Each line of the records that follow must come back exactly, with pictures skipped.

-- Entries provided --
—————

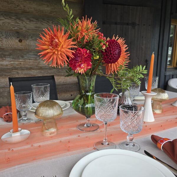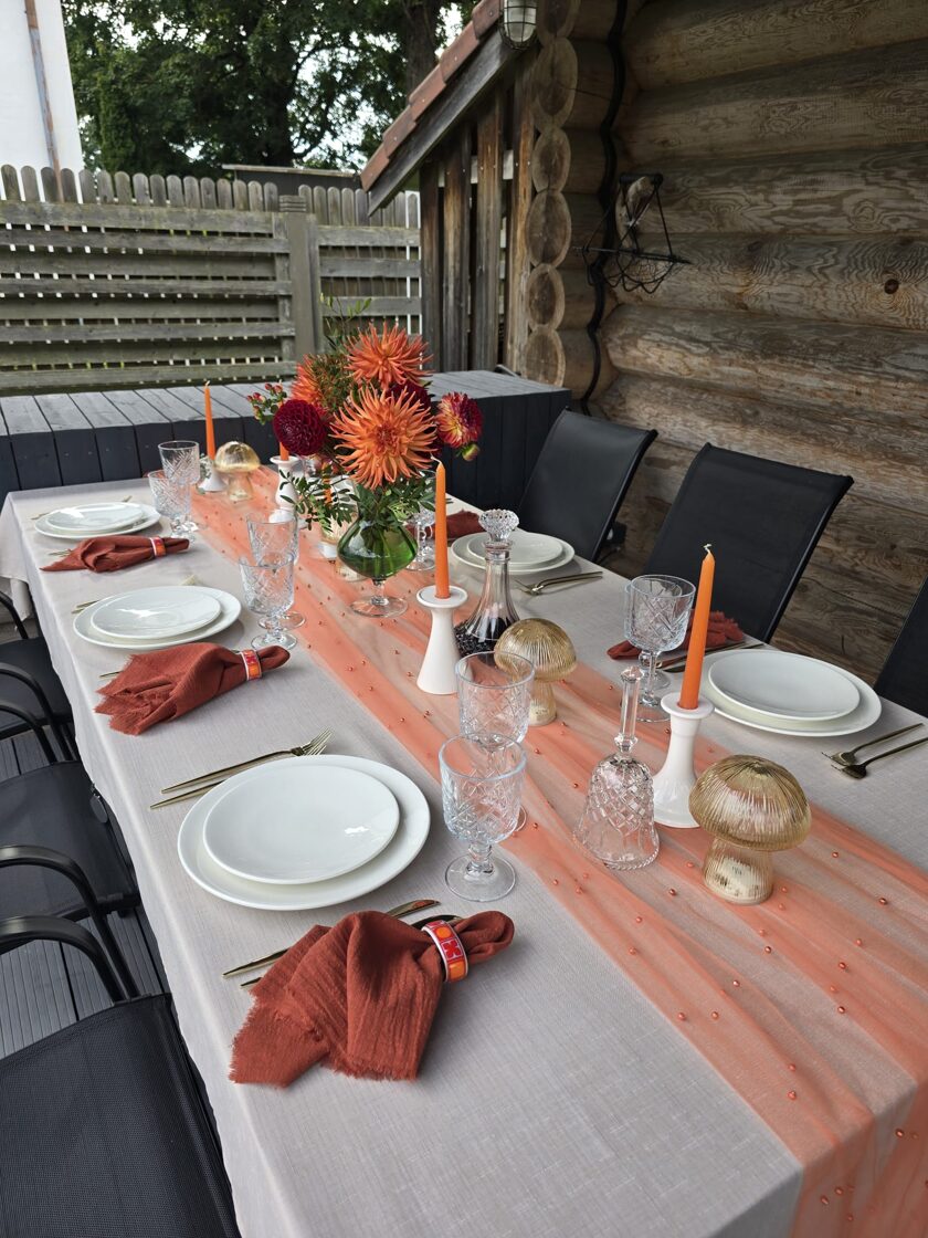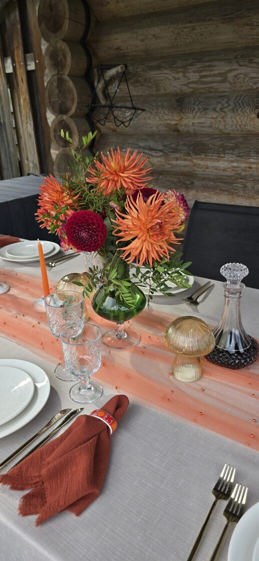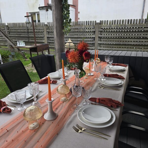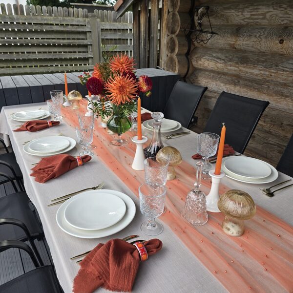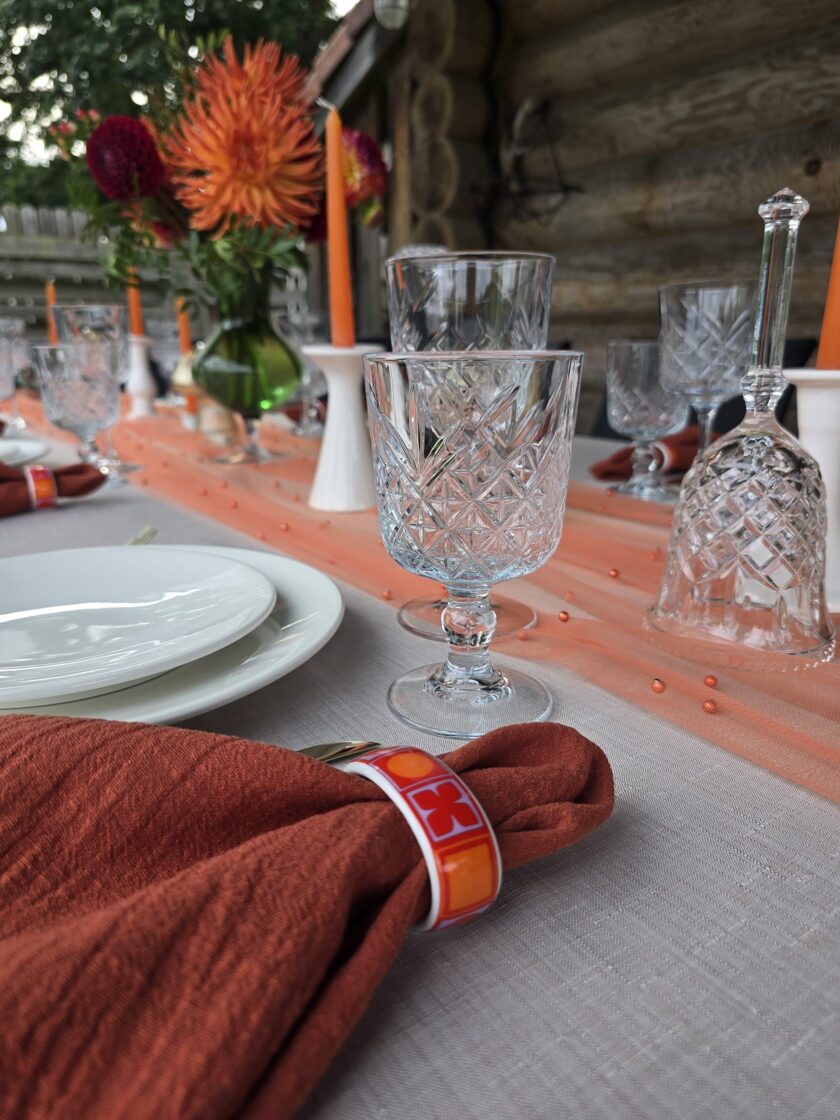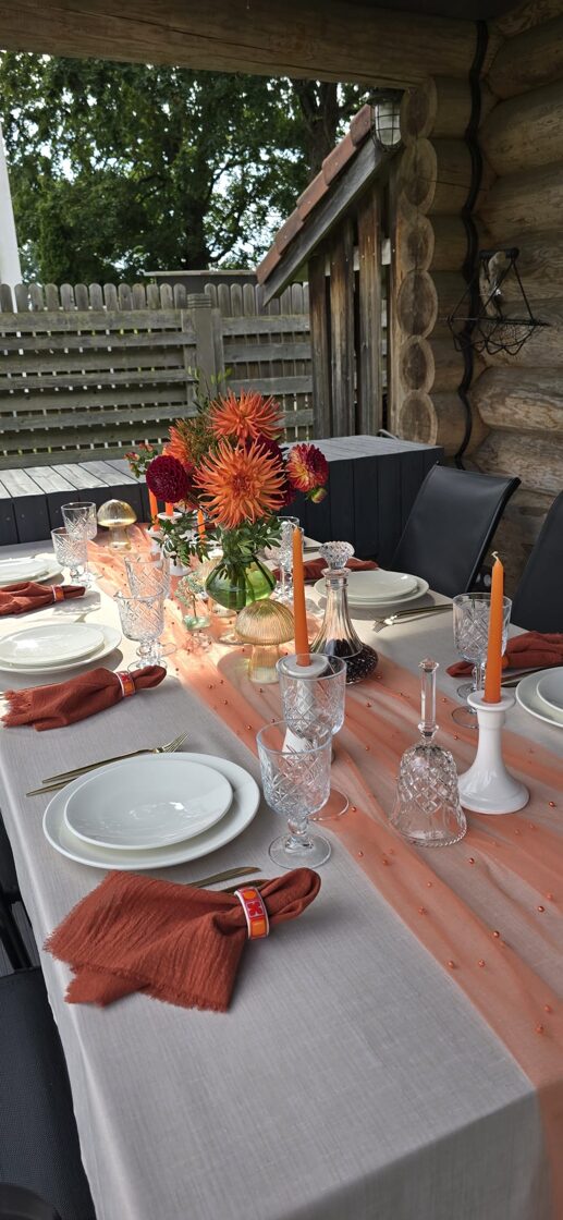 Šeit Svari iemirdzas savā būtībā – harmonijā, līdzsvarā un elegancē. Maigs bēšs galdauts kļūst par gaisīgu fonu, uz kura izceļas oranžais galda celiņš ar smalkām pērlītēm. Balti šķīvji un zelta piederumi piešķir izsmalcinātību, bet vintage porcelāna salvešu gredzeni ienes personisku šarmu un rudenīgu siltumu.
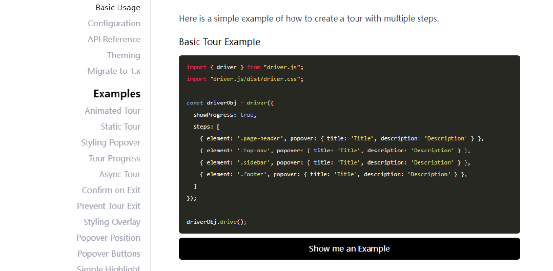 driver.js 除了上述的示例外,还支持很多配置能力,更多可以到官网查看示例。
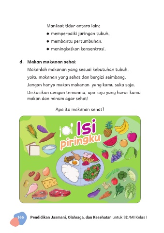 166 Pendidikan Jasmani, Olahraga, dan Kesehatan untuk SD/MI Kelas I
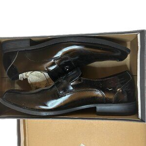 Embody timeless sophistication with these Stacy Adams Eldon Moc Toe Slip-On Loafers, crafted from premium black leather and finished with a sleek gunmetal bit detail for a polished, refined look.
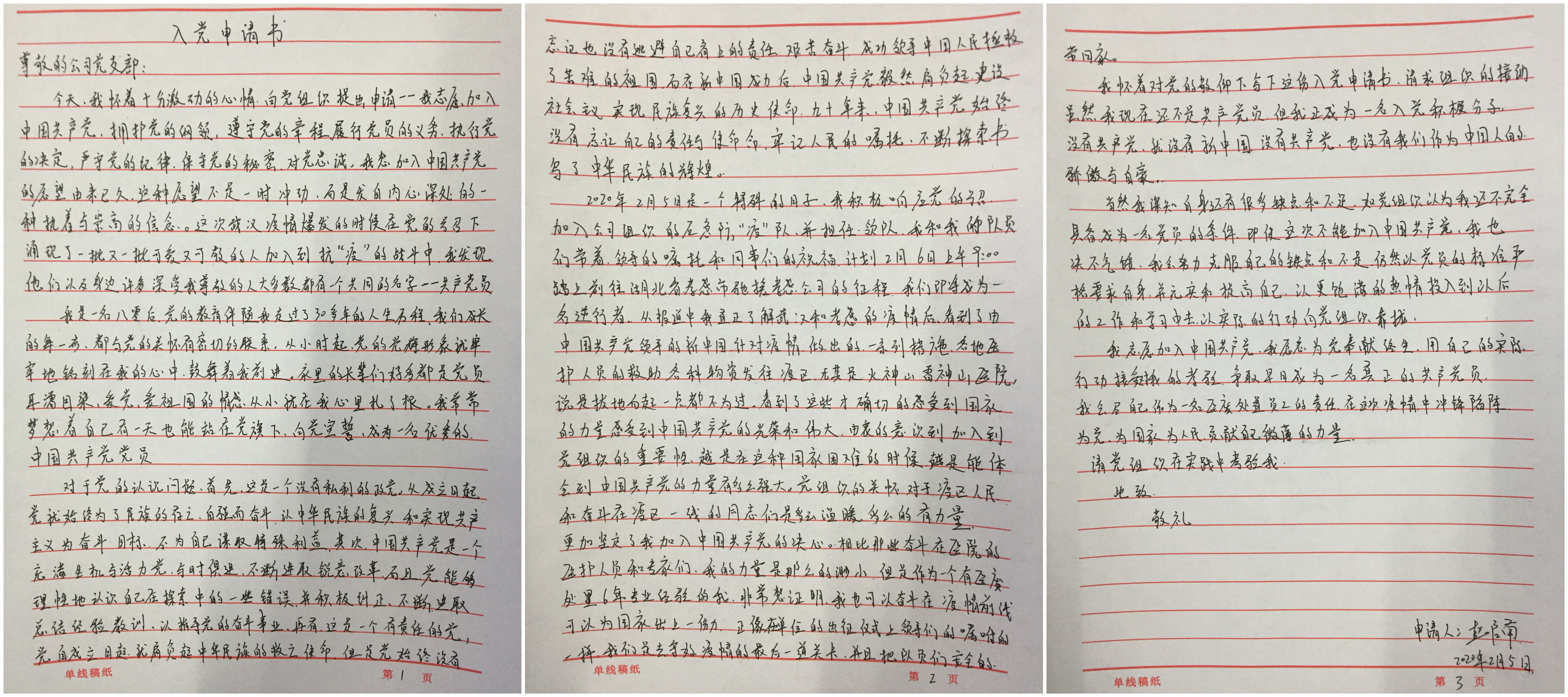 “越是在国家困难的时候,越是能体会到中国共产党的力量有多么强大,党组织的关怀对于疫区人民和奋斗在一线的同志们是多么温暖,多么有力量,更加坚定了我加入中国共产党的决心。”
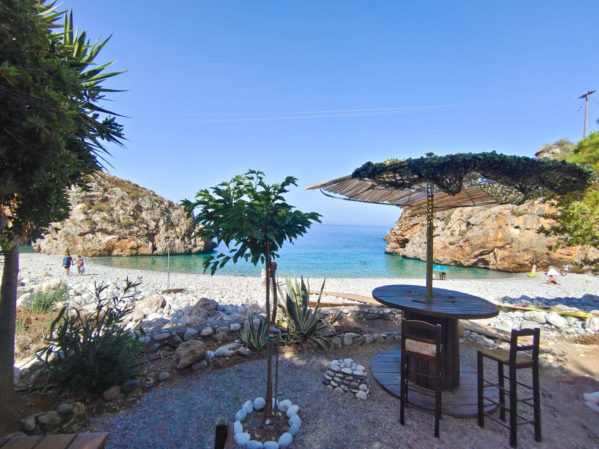 Na cestě do 2. ubytování jsme strávili několik hodin na pláži Foneas Pláž se nachází na přírodním místě s velmi malebnými výhledy, mezi horami, obklopená útesy. Zátoka s křišťálově tyrkysovou vodou a světlými

—————

-- Answer box --
 Šeit Svari iemirdzas savā būtībā – harmonijā, līdzsvarā un elegancē. Maigs bēšs galdauts kļūst par gaisīgu fonu, uz kura izceļas oranžais galda celiņš ar smalkām pērlītēm. Balti šķīvji un zelta piederumi piešķir izsmalcinātību, bet vintage porcelāna salvešu gredzeni ienes personisku šarmu un rudenīgu siltumu.
 driver.js 除了上述的示例外,还支持很多配置能力,更多可以到官网查看示例。
 166 Pendidikan Jasmani, Olahraga, dan Kesehatan untuk SD/MI Kelas I
 Embody timeless sophistication with these Stacy Adams Eldon Moc Toe Slip-On Loafers, crafted from premium black leather and finished with a sleek gunmetal bit detail for a polished, refined look.
 “越是在国家困难的时候,越是能体会到中国共产党的力量有多么强大,党组织的关怀对于疫区人民和奋斗在一线的同志们是多么温暖,多么有力量,更加坚定了我加入中国共产党的决心。”
 Na cestě do 2. ubytování jsme strávili několik hodin na pláži Foneas Pláž se nachází na přírodním místě s velmi malebnými výhledy, mezi horami, obklopená útesy. Zátoka s křišťálově tyrkysovou vodou a světlými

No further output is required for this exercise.